Restate word for word the lines of the entries below, starting with the line that holds "A Camisa de" and ending with the line that holds "酥油古稱醍醐,元代才開(kā", and no others.

STORED DATA
--- START ---
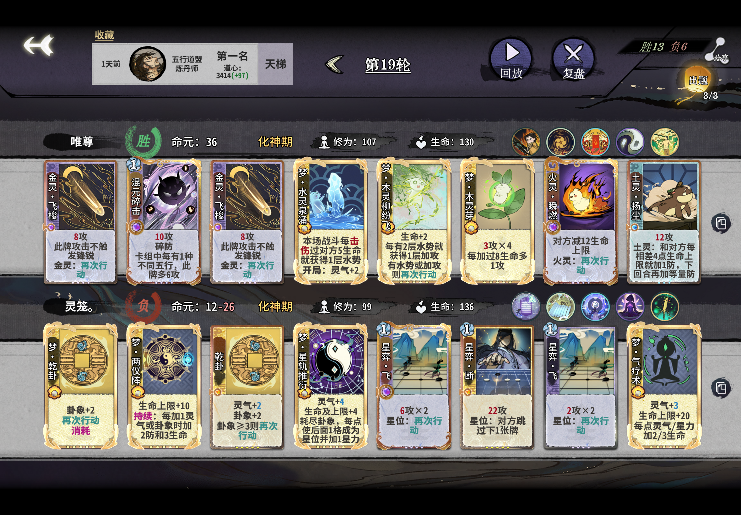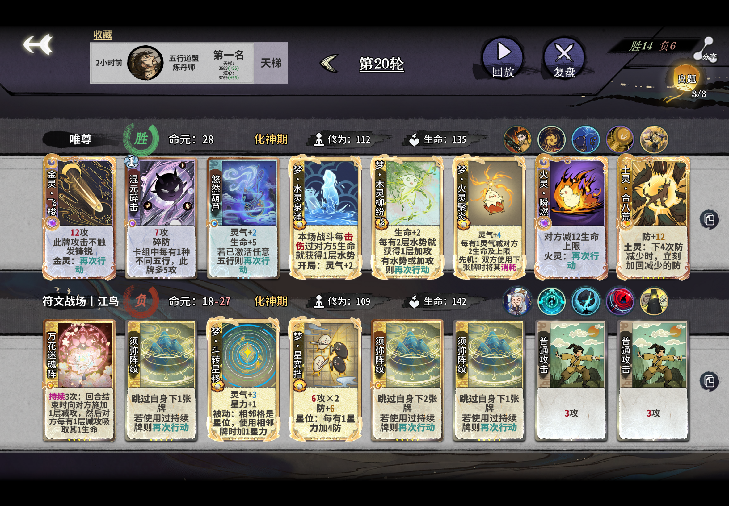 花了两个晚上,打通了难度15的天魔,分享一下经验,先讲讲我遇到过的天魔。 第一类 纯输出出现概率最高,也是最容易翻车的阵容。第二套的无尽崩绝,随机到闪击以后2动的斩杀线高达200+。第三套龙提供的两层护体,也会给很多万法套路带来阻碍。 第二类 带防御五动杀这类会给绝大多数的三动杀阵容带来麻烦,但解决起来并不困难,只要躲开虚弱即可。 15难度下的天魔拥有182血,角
--- END ---
--- START ---
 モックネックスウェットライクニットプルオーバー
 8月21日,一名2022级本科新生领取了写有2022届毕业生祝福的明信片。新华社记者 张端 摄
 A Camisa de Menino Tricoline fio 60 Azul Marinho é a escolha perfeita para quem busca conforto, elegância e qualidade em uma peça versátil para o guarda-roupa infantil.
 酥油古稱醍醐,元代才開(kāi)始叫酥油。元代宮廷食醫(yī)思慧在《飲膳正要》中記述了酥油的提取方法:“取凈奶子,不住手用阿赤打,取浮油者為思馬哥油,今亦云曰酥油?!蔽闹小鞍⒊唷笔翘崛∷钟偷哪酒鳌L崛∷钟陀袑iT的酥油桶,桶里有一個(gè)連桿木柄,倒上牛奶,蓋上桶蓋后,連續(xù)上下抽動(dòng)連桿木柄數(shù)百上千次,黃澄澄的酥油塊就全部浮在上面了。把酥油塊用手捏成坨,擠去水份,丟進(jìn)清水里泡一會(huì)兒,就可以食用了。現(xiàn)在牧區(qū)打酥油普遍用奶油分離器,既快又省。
--- END ---
EXPECTED OUTPUT
 A Camisa de Menino Tricoline fio 60 Azul Marinho é a escolha perfeita para quem busca conforto, elegância e qualidade em uma peça versátil para o guarda-roupa infantil.
 酥油古稱醍醐,元代才開(kāi)始叫酥油。元代宮廷食醫(yī)思慧在《飲膳正要》中記述了酥油的提取方法:“取凈奶子,不住手用阿赤打,取浮油者為思馬哥油,今亦云曰酥油?!蔽闹小鞍⒊唷笔翘崛∷钟偷哪酒鳌L崛∷钟陀袑iT的酥油桶,桶里有一個(gè)連桿木柄,倒上牛奶,蓋上桶蓋后,連續(xù)上下抽動(dòng)連桿木柄數(shù)百上千次,黃澄澄的酥油塊就全部浮在上面了。把酥油塊用手捏成坨,擠去水份,丟進(jìn)清水里泡一會(huì)兒,就可以食用了。現(xiàn)在牧區(qū)打酥油普遍用奶油分離器,既快又省。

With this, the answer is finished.